• **Goal of the exercise**
What you return should be every line below, word for word, and none of the images.

• **Information supplied**
= Beginning of Section =
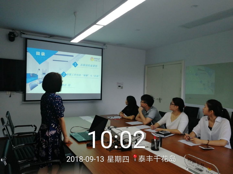 培訓(xùn)由客服部客服經(jīng)理王薇主講,整個培訓(xùn)過程從規(guī)避風(fēng)險、前期防范、溝通售后等方面進行詳細講解,并多出舉例說明,讓客服部同事收益匪淺。
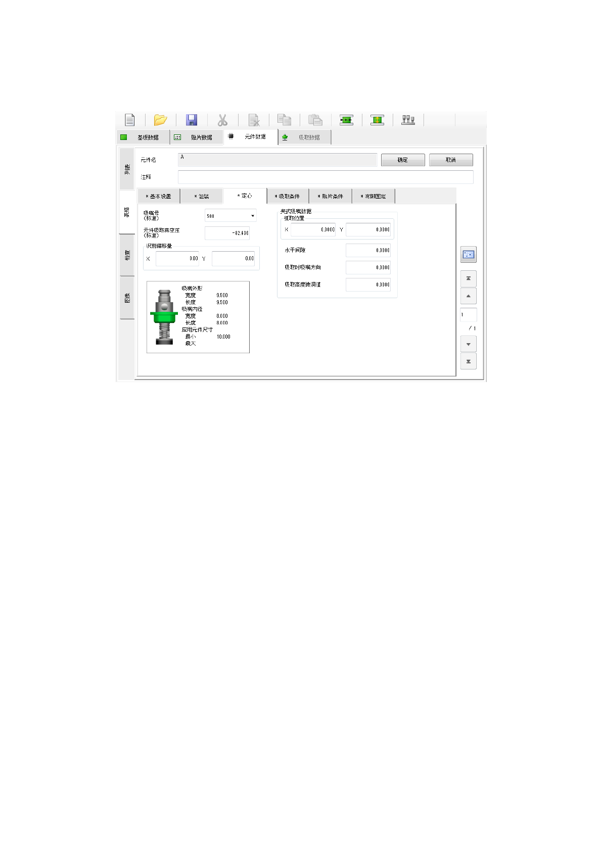 轴向吸嘴的以下设定与通常元件有所不同。
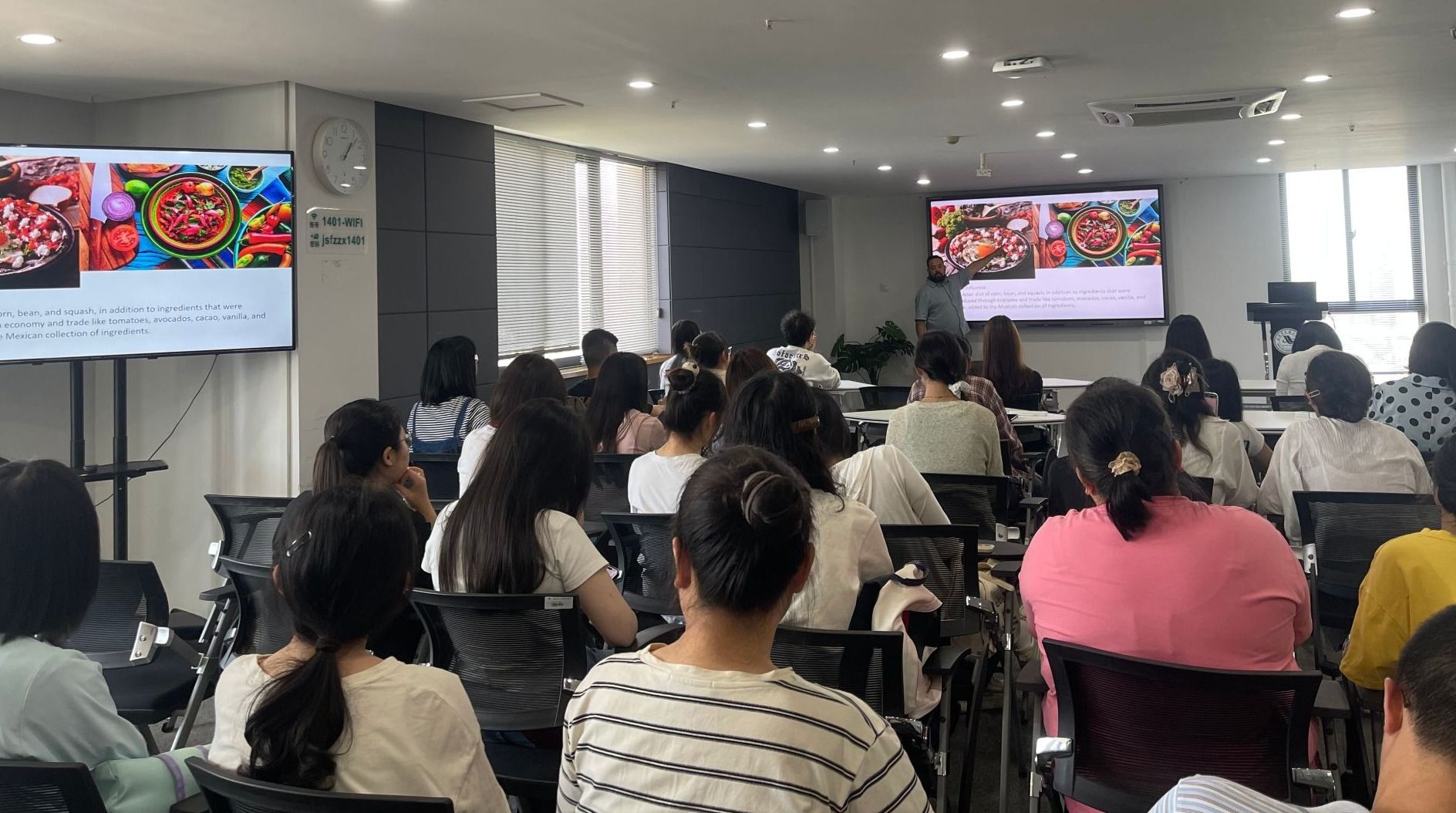 5月14日中午,beat365开展了主题为“从语言和美食感受墨西哥文化的魅力”的第29期国际交流沙龙。本次沙龙邀请了来自美国的Torres先生主讲。华夏译坊及语言培训工作室全体师生、各学院师生代表参加此次主题沙龙活动。
= End of Section =
• **Answer space**
 培訓(xùn)由客服部客服經(jīng)理王薇主講,整個培訓(xùn)過程從規(guī)避風(fēng)險、前期防范、溝通售后等方面進行詳細講解,并多出舉例說明,讓客服部同事收益匪淺。
 轴向吸嘴的以下设定与通常元件有所不同。
 5月14日中午,beat365开展了主题为“从语言和美食感受墨西哥文化的魅力”的第29期国际交流沙龙。本次沙龙邀请了来自美国的Torres先生主讲。华夏译坊及语言培训工作室全体师生、各学院师生代表参加此次主题沙龙活动。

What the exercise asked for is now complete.